We also choose k-means clustering, and increase RMSD to be used for preliminary hierarchical clustering of structures to 5 Angstroms in order to reduce the number of clusters. We also increase Maximum value of deviation to be shown in plots to 10 Angstroms. Then click Re-run TRAPP-analysis (Note the binding site residues are renumbered as shown in the residue mapping and summary input page).
- Step 6: Editing TRAPP-pocket parameters and running TRAPP-pocket
For our example the Trapp-pocket parameters are adjusted as follows:
- Check Use TRAPP-analysis based binding site residues: To make sure that all binding site residues are included in pocket simulations.
- Check H-atoms to be generated for the reference structure and H-atoms to be generated for structures in trajectories to ensure correct pocket shape. There is another (faster, but less accurate) method of taking into account hydrogen atoms in pocket calculations by increasing the Lennard-Jones radii used for pocket identification (for this check Only heavy atoms to be used in Advanced parameters for the pocket identification procedure).

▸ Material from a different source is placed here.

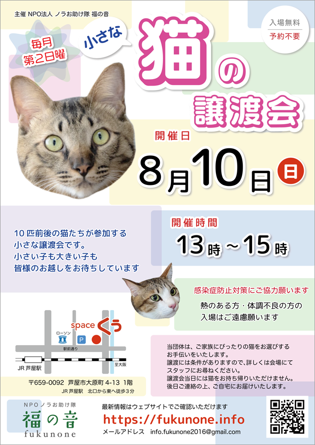 | 当譲渡会への猫のお持ち込みは一切受け付けておりません。 猫のお持ち込みに関わるお問い合わせへの返信は致しませんので、ご了承下さい。 |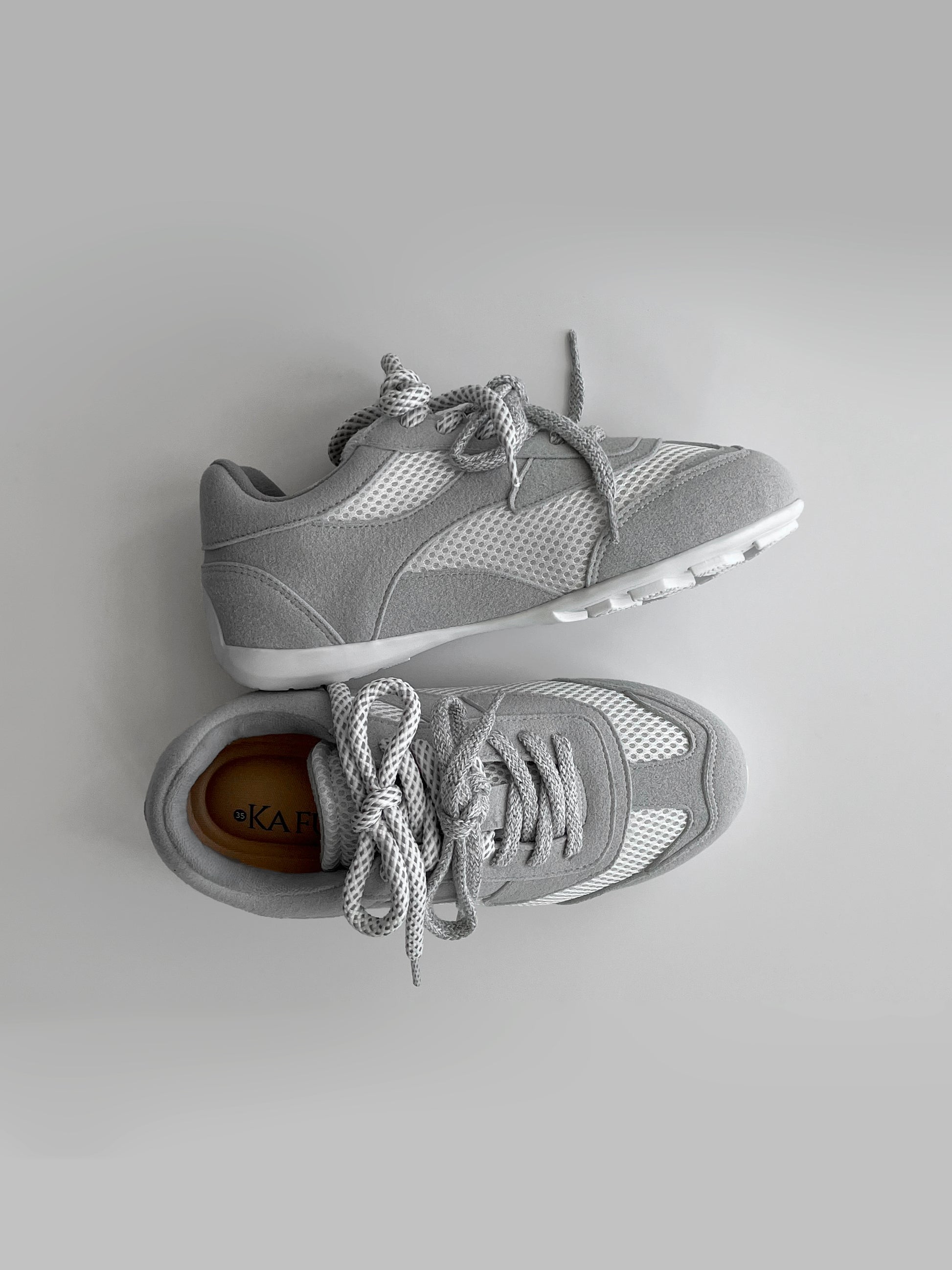 El tono gris con blanco se convierten en los protagonistas de estas zapatillas de suela baja, inspiradas en el equilibrio entre lo clásico y lo actual. Una pieza que transmite calma, estilo y autenticidad.

- Change Analysis will be done at the pocket occurrence of (%): to 6, 10, 12, 18, 30 (we have 17 structures, so 1 structure corresponds to 6% occurrence). Check run PCA and run Clustering.
- Launch TRAPP-pocket.
- Step 7: Understanding TRAPP-pocket results
- JSmol.html with a summary of simulation results can be opened using the link "Combined trajectories"
- Conserved/transient regions:
- Link Clustering of transient regions opening in a percentage of snapshots
yellow - pocket population (see Fig.11a and Fig.11b).
red- transient pocket regions that are absent in the reference structure, but appear in some other structures (see Fig.12a and Fig.12b)
Transient regions are shown at 20% occurrence, i.e. they are open in 3-4 structures (since we uploaded 17 structures).
This, however, does not mean that all transient regions shown are open simultaneously in the snapshots.
To find in which snapshot/structure a particular transient region is open,
one has to use the tab Pocket Characteristics
Here opening transient pocket regions are split into three pockets and
the largest one (# 2) is split once more into sub-regions(sub-pockets).
Pocket #3 arises from the motion of Y35 (sub-pocket A) and
is mostly open in structures 3lfa, 1wfc, and 4f9y
(see left plot of Pocket occurrence in the trajectory shown also in Fig.b
and use a link shown under the plot to get original data).
Sub-pockets #4 and #6 corresponds to transient pocket C arising from motion of the DFG loop.
They are mostly open (to different degrees) 3nnw, 3nnu, 3roc,1kv2, and 1kv1.